◆ **Material for this exercise**
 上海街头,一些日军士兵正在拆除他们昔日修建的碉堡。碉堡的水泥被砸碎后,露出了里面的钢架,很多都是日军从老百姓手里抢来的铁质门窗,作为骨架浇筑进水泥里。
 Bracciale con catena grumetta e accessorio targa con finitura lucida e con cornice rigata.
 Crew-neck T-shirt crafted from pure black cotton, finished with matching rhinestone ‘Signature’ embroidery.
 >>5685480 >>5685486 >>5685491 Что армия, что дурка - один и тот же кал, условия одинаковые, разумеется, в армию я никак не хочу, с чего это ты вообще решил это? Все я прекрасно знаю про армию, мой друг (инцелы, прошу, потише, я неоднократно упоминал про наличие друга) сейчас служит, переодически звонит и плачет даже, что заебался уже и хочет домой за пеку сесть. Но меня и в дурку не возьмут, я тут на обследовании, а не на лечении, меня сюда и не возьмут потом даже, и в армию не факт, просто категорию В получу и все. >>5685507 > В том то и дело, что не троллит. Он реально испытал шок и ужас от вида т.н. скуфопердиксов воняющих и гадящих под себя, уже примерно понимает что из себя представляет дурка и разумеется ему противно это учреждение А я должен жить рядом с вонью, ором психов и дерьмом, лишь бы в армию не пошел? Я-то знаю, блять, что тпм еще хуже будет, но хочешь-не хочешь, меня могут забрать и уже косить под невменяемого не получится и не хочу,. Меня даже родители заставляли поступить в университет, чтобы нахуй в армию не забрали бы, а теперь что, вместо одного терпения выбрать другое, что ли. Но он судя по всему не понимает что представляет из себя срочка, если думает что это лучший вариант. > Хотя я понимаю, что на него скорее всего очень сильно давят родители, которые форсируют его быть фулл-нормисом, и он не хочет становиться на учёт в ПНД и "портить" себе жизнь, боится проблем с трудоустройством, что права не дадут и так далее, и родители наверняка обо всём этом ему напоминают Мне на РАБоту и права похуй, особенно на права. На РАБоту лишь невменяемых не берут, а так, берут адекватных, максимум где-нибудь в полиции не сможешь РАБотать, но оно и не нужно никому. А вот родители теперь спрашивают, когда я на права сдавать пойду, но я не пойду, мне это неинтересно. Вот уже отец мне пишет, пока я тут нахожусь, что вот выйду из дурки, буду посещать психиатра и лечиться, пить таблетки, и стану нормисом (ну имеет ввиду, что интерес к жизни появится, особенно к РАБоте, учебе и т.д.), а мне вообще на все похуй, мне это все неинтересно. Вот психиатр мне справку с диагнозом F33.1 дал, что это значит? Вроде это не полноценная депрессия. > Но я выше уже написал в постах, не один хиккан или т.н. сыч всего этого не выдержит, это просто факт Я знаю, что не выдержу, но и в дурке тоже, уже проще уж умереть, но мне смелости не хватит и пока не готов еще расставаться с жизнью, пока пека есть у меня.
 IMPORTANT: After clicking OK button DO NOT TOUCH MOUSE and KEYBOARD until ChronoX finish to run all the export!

...

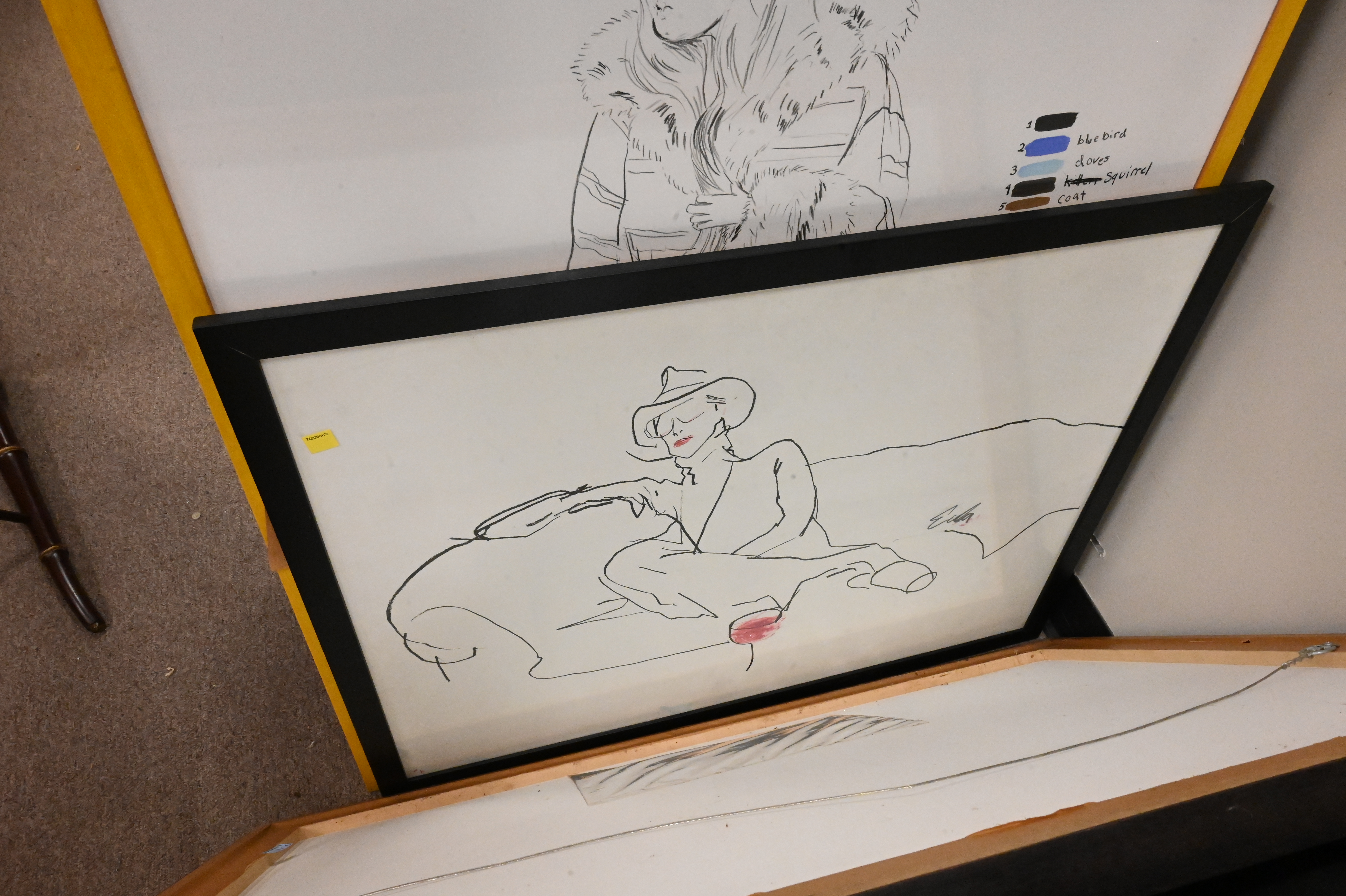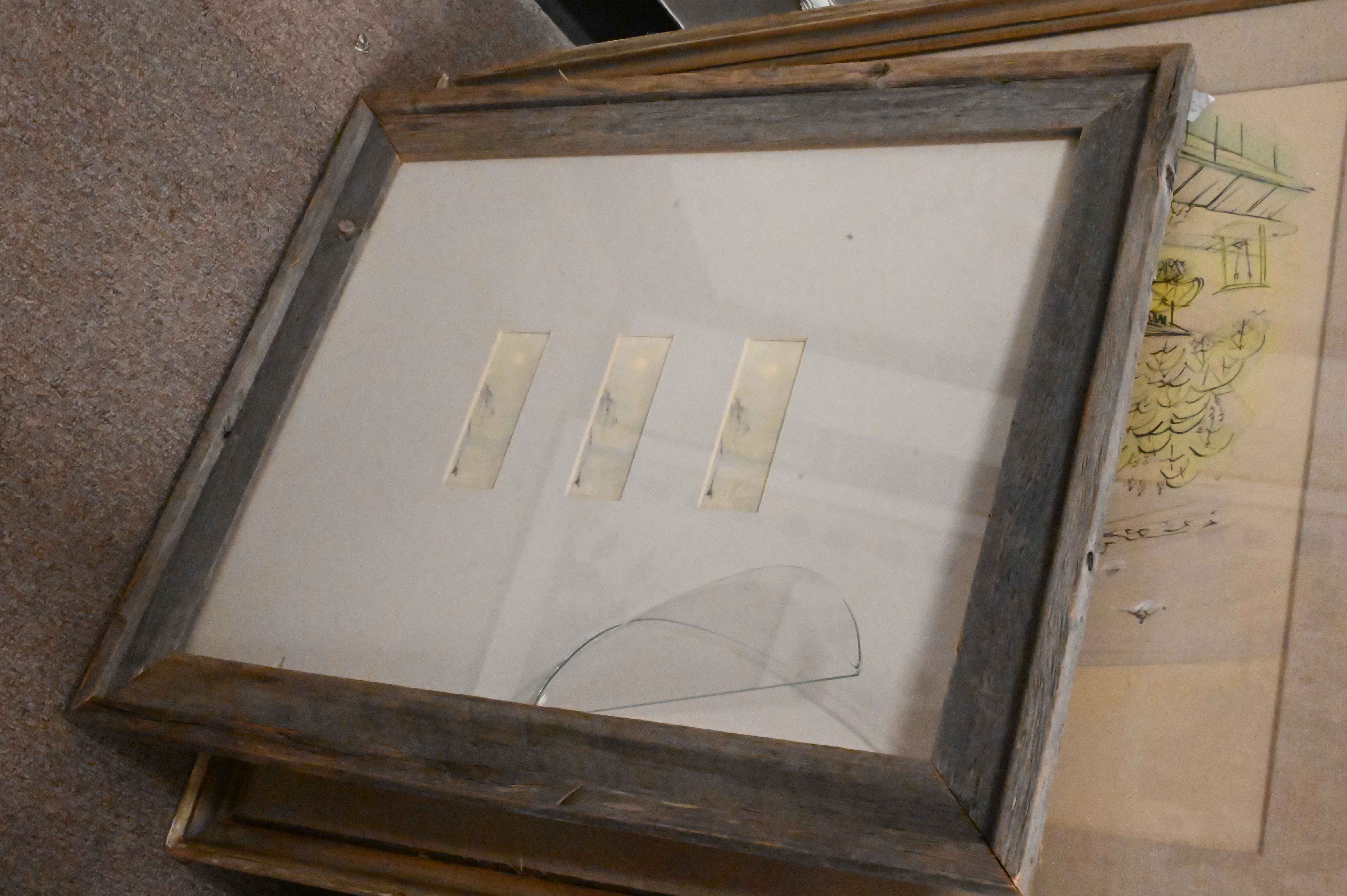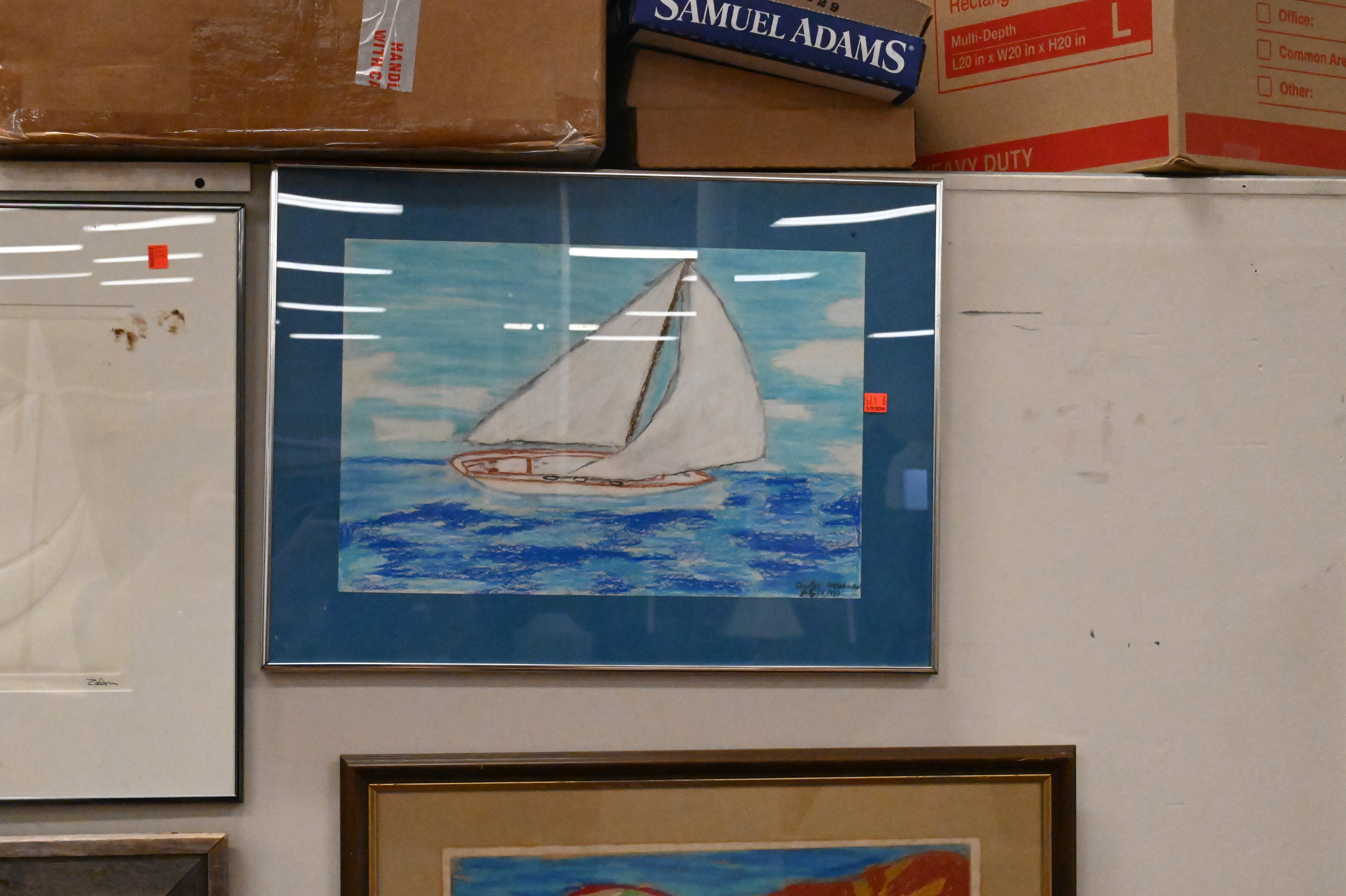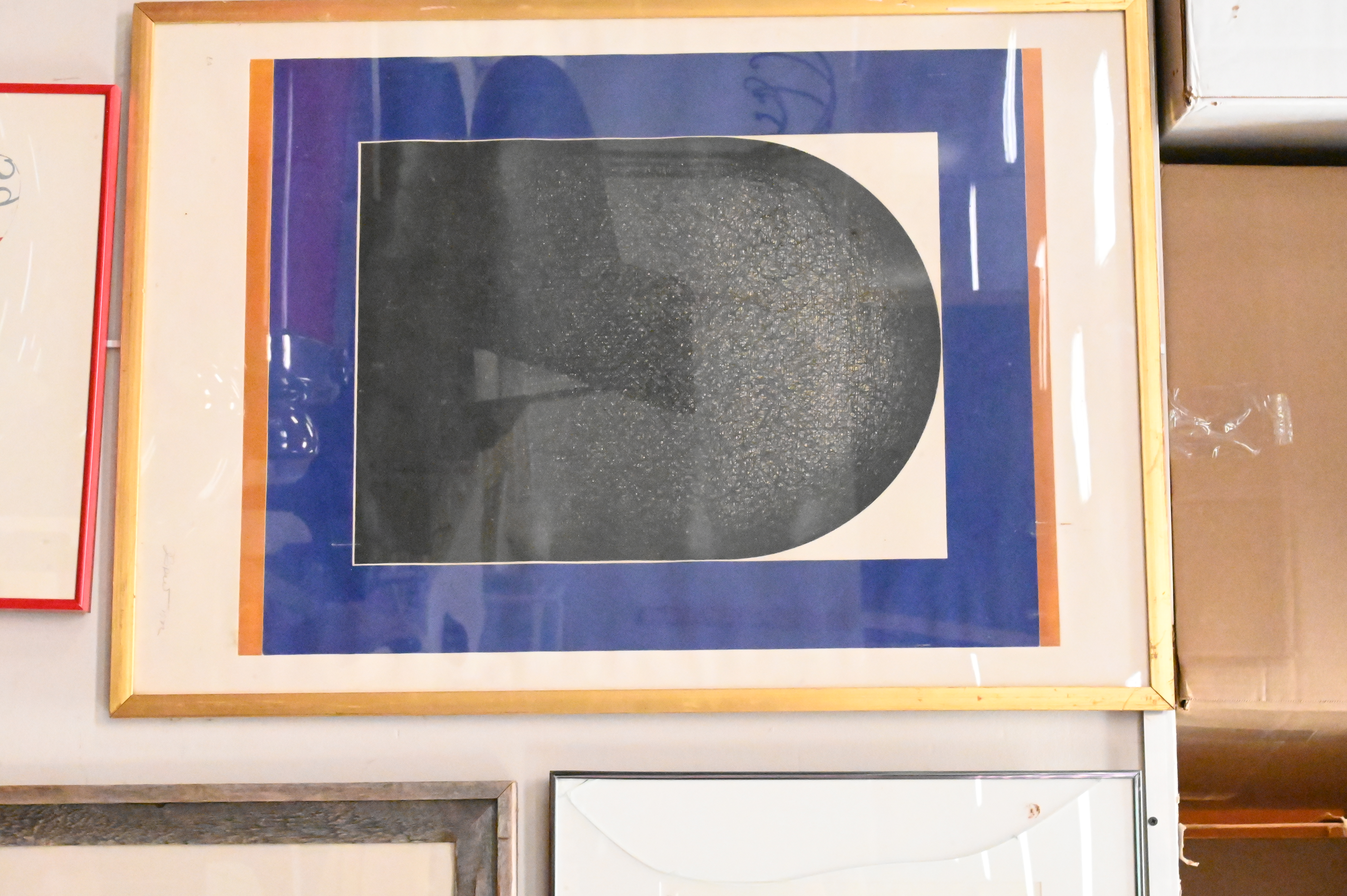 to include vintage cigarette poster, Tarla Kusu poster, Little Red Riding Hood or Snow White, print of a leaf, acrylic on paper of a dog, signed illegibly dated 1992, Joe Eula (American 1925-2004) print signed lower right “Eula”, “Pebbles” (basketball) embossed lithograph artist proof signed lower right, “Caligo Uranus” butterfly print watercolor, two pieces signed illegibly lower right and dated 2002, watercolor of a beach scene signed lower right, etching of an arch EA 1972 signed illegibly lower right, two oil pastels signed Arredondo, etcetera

◆ **Brief**
Reproduce word for word the material above, starting with the line that has "上海街头,一些日军士兵正在拆" and stopping after the line that has "Crew-neck T-shirt crafted".

◆ **Solved exercise**
 上海街头,一些日军士兵正在拆除他们昔日修建的碉堡。碉堡的水泥被砸碎后,露出了里面的钢架,很多都是日军从老百姓手里抢来的铁质门窗,作为骨架浇筑进水泥里。
 Bracciale con catena grumetta e accessorio targa con finitura lucida e con cornice rigata.
 Crew-neck T-shirt crafted from pure black cotton, finished with matching rhinestone ‘Signature’ embroidery.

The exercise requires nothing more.